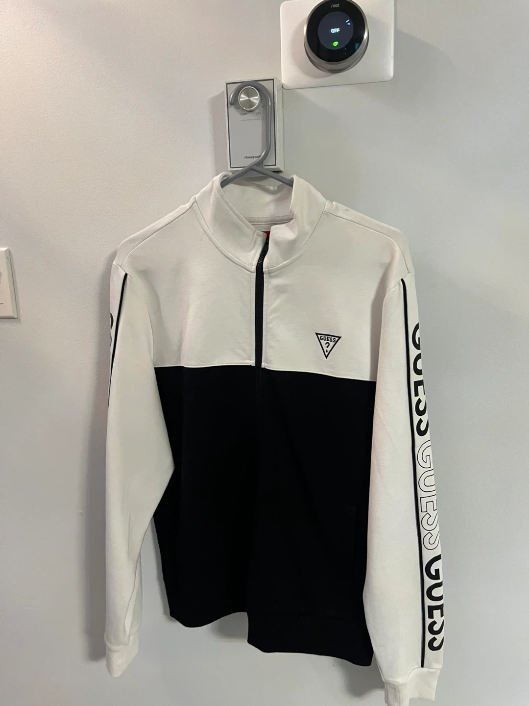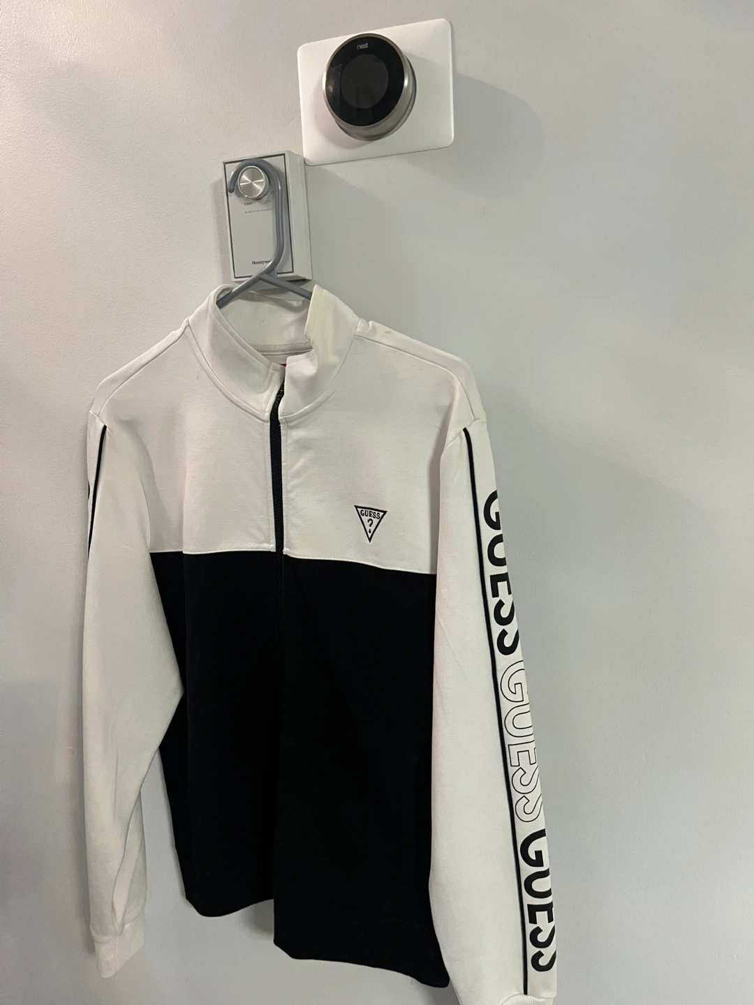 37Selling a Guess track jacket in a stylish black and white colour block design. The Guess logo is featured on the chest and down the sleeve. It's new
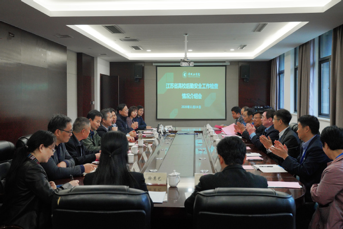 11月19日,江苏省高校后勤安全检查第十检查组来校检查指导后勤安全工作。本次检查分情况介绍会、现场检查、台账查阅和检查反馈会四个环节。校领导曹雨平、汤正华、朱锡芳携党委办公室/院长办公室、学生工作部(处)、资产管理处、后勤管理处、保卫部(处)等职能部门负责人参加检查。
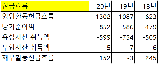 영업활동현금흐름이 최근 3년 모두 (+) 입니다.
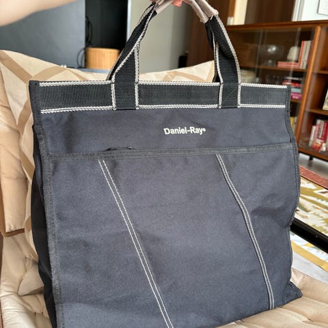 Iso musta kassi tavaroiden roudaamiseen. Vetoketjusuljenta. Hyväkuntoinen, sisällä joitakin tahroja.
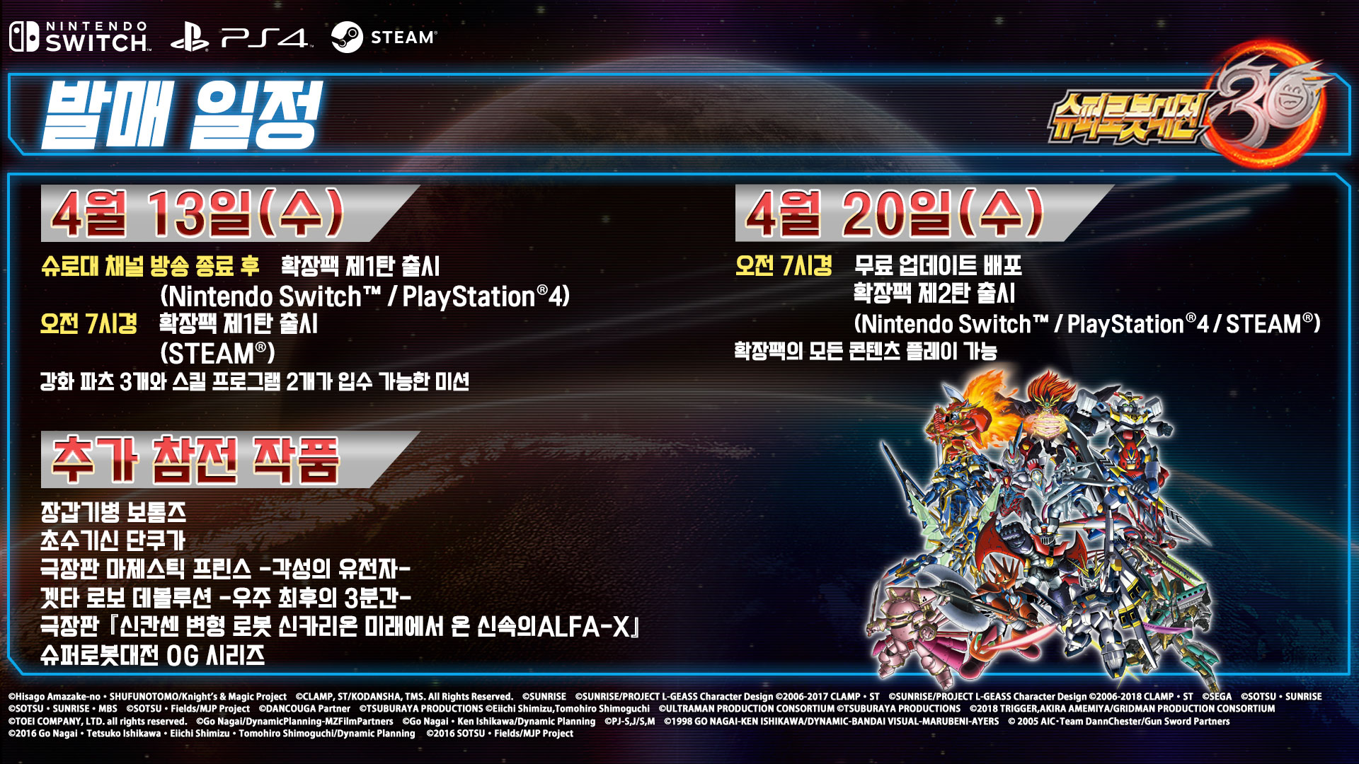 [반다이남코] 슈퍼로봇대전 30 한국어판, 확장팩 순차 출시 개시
..........
→ **WHAT YOU HAVE TO DO**: Please repeat every line of the material above exactly and without its pictures.

→ **RESULT OF THE TASK**:
 37Selling a Guess track jacket in a stylish black and white colour block design. The Guess logo is featured on the chest and down the sleeve. It's new
 11月19日,江苏省高校后勤安全检查第十检查组来校检查指导后勤安全工作。本次检查分情况介绍会、现场检查、台账查阅和检查反馈会四个环节。校领导曹雨平、汤正华、朱锡芳携党委办公室/院长办公室、学生工作部(处)、资产管理处、后勤管理处、保卫部(处)等职能部门负责人参加检查。
 영업활동현금흐름이 최근 3년 모두 (+) 입니다.
 Iso musta kassi tavaroiden roudaamiseen. Vetoketjusuljenta. Hyväkuntoinen, sisällä joitakin tahroja.
 [반다이남코] 슈퍼로봇대전 30 한국어판, 확장팩 순차 출시 개시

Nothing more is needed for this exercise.